Work to be completed:
Further down are entries; set down exactly and only the lines from the one with "COMMODE dite sauteuse, galbée" up to and including the one with "煮好肉后,用酱油和料酒喂一下,腌制十分钟,让肉入味", dropping each picture.

Working data:
──────────────────────────────

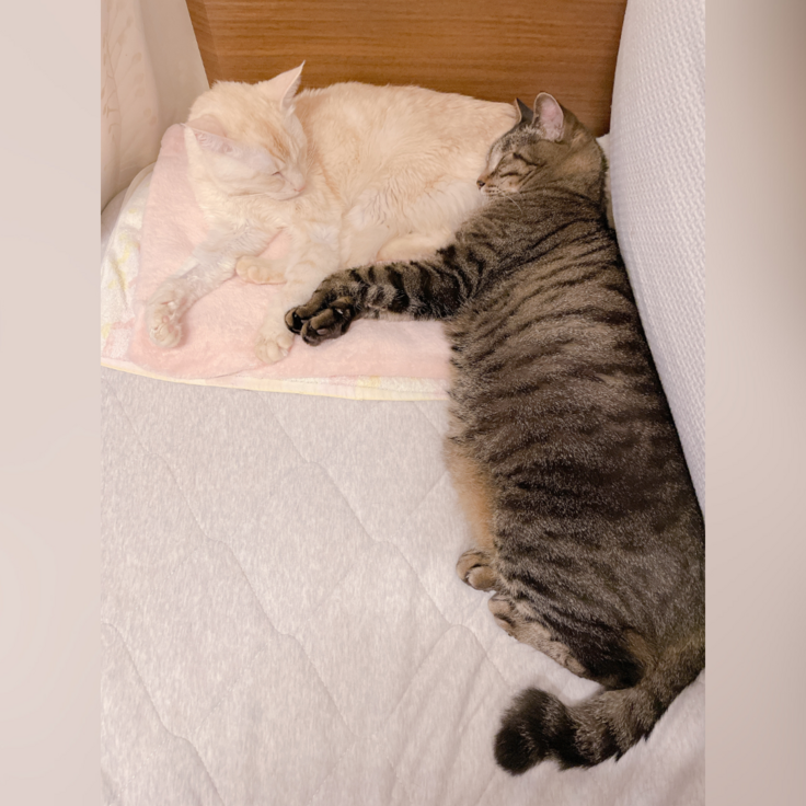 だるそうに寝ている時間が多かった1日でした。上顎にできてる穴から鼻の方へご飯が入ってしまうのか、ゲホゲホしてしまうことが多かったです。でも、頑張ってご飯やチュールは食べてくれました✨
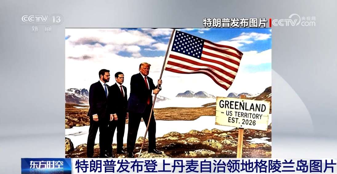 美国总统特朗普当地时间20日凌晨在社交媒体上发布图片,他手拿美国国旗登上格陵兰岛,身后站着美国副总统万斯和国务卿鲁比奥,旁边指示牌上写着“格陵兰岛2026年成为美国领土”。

──────────────────────────────

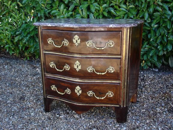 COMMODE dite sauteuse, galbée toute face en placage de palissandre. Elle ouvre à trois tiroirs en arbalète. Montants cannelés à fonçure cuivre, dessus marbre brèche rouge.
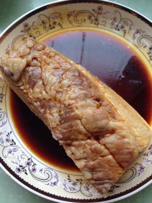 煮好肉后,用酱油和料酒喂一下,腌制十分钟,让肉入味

──────────────────────────────

Exercise result:
 COMMODE dite sauteuse, galbée toute face en placage de palissandre. Elle ouvre à trois tiroirs en arbalète. Montants cannelés à fonçure cuivre, dessus marbre brèche rouge.
 煮好肉后,用酱油和料酒喂一下,腌制十分钟,让肉入味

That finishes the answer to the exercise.